[[ Stored data, beginning ]]

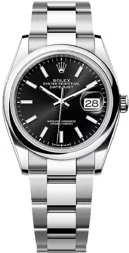 Rolex Datejust 36 Stainless Steel Black Index Dial & Smooth Domed Bezel Oyster Bracelet 126200
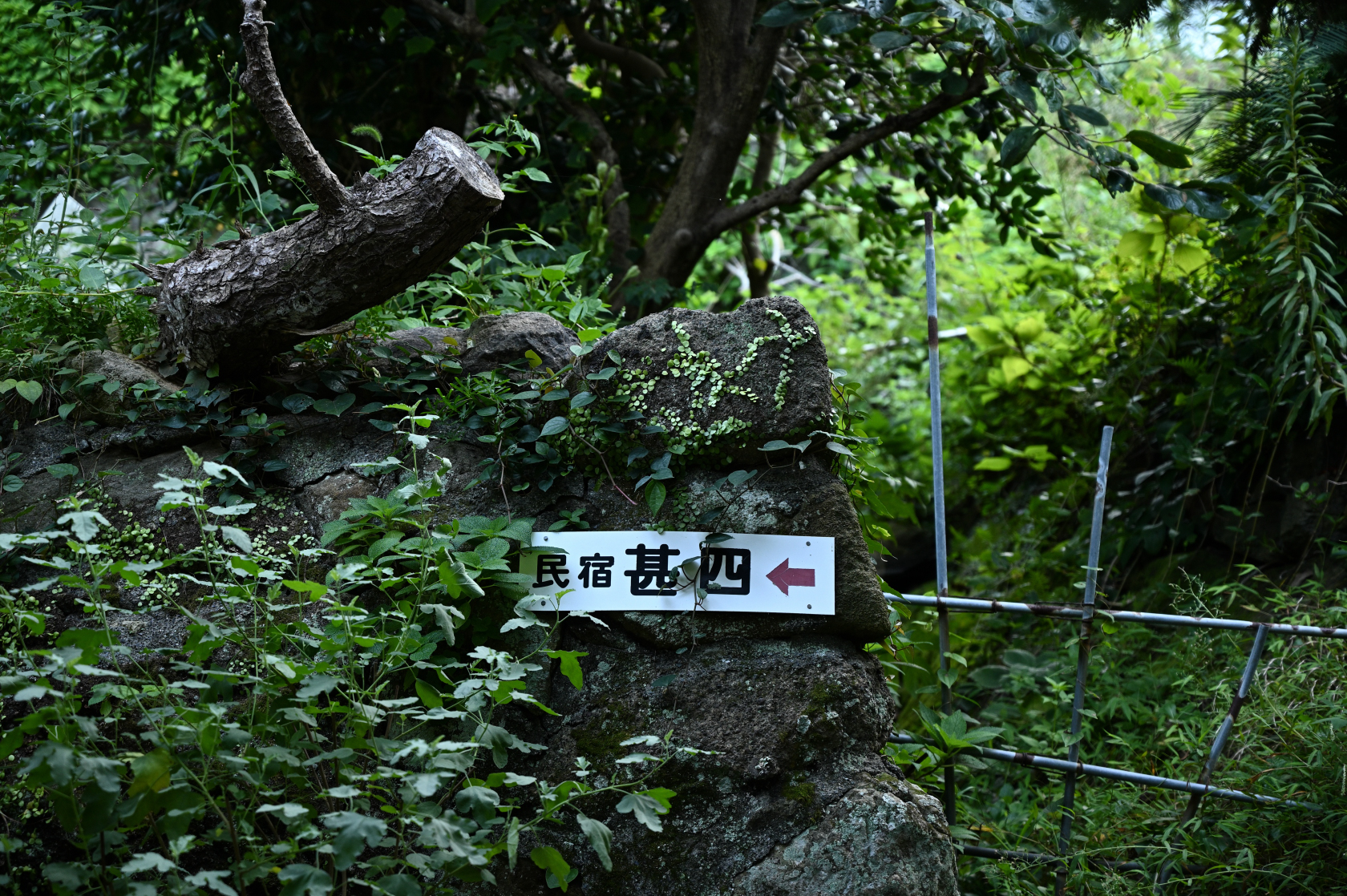 朝7時頃の民宿甚四の入り口付近。甚四の案内板の上に小さな丸の葉をつけているのはマメヅタ。意外にもビカクシダ(別名:コウモリラン)などと同じウラボシ科の植物。伊豆の湿気のある場所の木にマメヅタが這っているのをよく見かける。
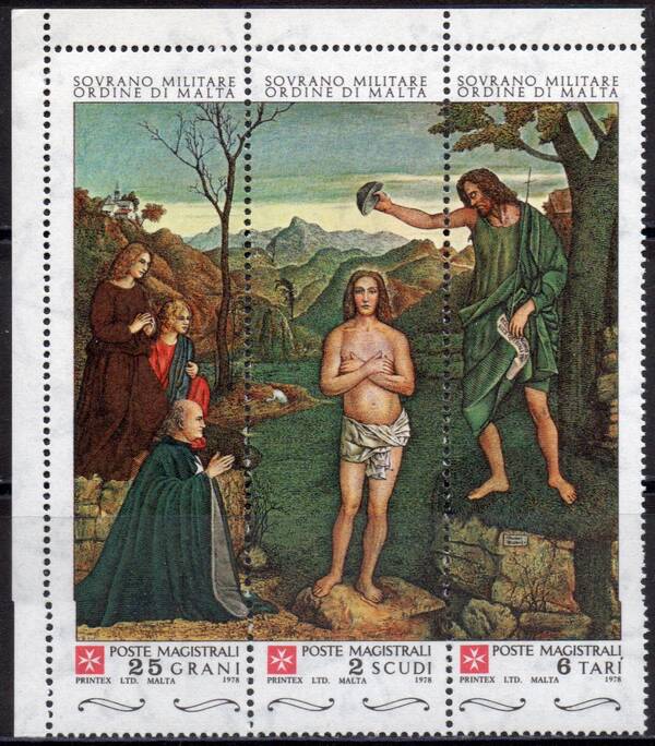 Рождество. Религиозная Живопись. Серия 3 марки в сцепке.
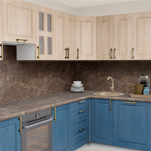 3. Угловая кухня Дуб светлый 5028 Квадро со столешницей 910-Br Обсидиан коричневый и со стеновой панелью 910-Br Обсидиан коричневый.

[[ Stored data, end ]]

Using the data above, print every line exactly, omitting pictures.

 Rolex Datejust 36 Stainless Steel Black Index Dial & Smooth Domed Bezel Oyster Bracelet 126200
 朝7時頃の民宿甚四の入り口付近。甚四の案内板の上に小さな丸の葉をつけているのはマメヅタ。意外にもビカクシダ(別名:コウモリラン)などと同じウラボシ科の植物。伊豆の湿気のある場所の木にマメヅタが這っているのをよく見かける。
 Рождество. Религиозная Живопись. Серия 3 марки в сцепке.
 3. Угловая кухня Дуб светлый 5028 Квадро со столешницей 910-Br Обсидиан коричневый и со стеновой панелью 910-Br Обсидиан коричневый.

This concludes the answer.